Blogda Ara

25.08.2008

SOYKIRIM, NOBEL, TERÖR, İRTİCA ve SATILIK ÜLKE - Oktay Yıldırım

Fransa, Ermeni soykırımını inkâr edene hapis ve para cezası getiren
yasayı kabul etti.

Hükümet üyeleri, Cezayir misillemesi yapalım, Fransız mallarını
boykot edelim, firmalarını ihaleye sokmayalım, Türkiye'deki Ermeni işçileri
sınır dışı edelim gibisinden vatansever nutuklar attılar.

Lagendjik bile Fransızları aptallık yapıyorlar diyerek en ağır
biçimde eleştirdi. ( Şu bizim Lagendjik, hani mahkemelerimiz ayak
ayaküstünde denetler vaziyette izleyen adam)

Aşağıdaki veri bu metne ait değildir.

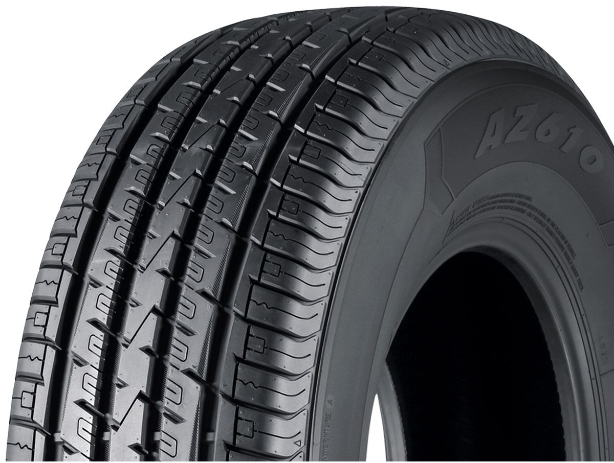Comfort meets performance on the AZ610 with its solid center rib for responsive handling, 4 channels for excellent water evacuation and unique bevels on the inside tread block to reduce road noise. Gently sloped shoulder blocks provide stable and confident steering feel during hard corners. Cut-outs in center ribs help reduce road noise at both high and low speeds. Deep shoulder channels work with the circumferential channels to evacuate water away from the contact patch and enhance grip in wet conditions. Complementary beveled outer edges of the inside tread ribs have beveled edges to provide more biting edges for increased traction as well as help reduce road noise. Four circumferential channels work with the 3 solid circumferential ribs to enhance straight line stability as well as help evacuate water and slush out of the contact patch. Sipes on every tread block give extra biting edges in the snow and slush for winter traction. The AZ610 tires are covered under a 3-year standard limited warranty and an impressive 60,000 mile treadwear warranty. Upgrade your ride and get a set of Atturo AZ610 Tires today!

Bazı sivil toplum örgütleri sokaklara döküldü ve protestolar, siyah
çelenkler vs.

Elif şafak sağduyu çağrısı yaptı.

Orhan Pamuk Nobel edebiyat ödülünü aldı.

Mehmet Ağar'ın PKK terör örgütünü siyaset yapmaya davet etmesinden
sonra, kendi oy tabanlarının PKK ile aynı taban olduğunu daha önce beyan
etmiş olan DTP, Ağar'a destek verdi ve gerekirse PKK ile görüşürüz dediler.

Genel Kurmay başkanının var, başbakanın ve bazı diğer zevatın da
yok demesinden sonra alayımız irtica olduk, içimiz dışımız vıcık vıcık,
cübbelinin malta sefası ile doldu, hatta tüm yayın akışını bu olaya ayıran
ana haber bültenleri bile vardı.

Amerikanın bilmem ne koordinatörü Türkiye'ye geldi ve " Askeri
operasyon son seçenek olmakla birlikte elimizdeki seçeneklerden birisidir ve
iki ülkenin de mutabakat sağlayacağı zaman diliminde uygulanabilir" buyurdu.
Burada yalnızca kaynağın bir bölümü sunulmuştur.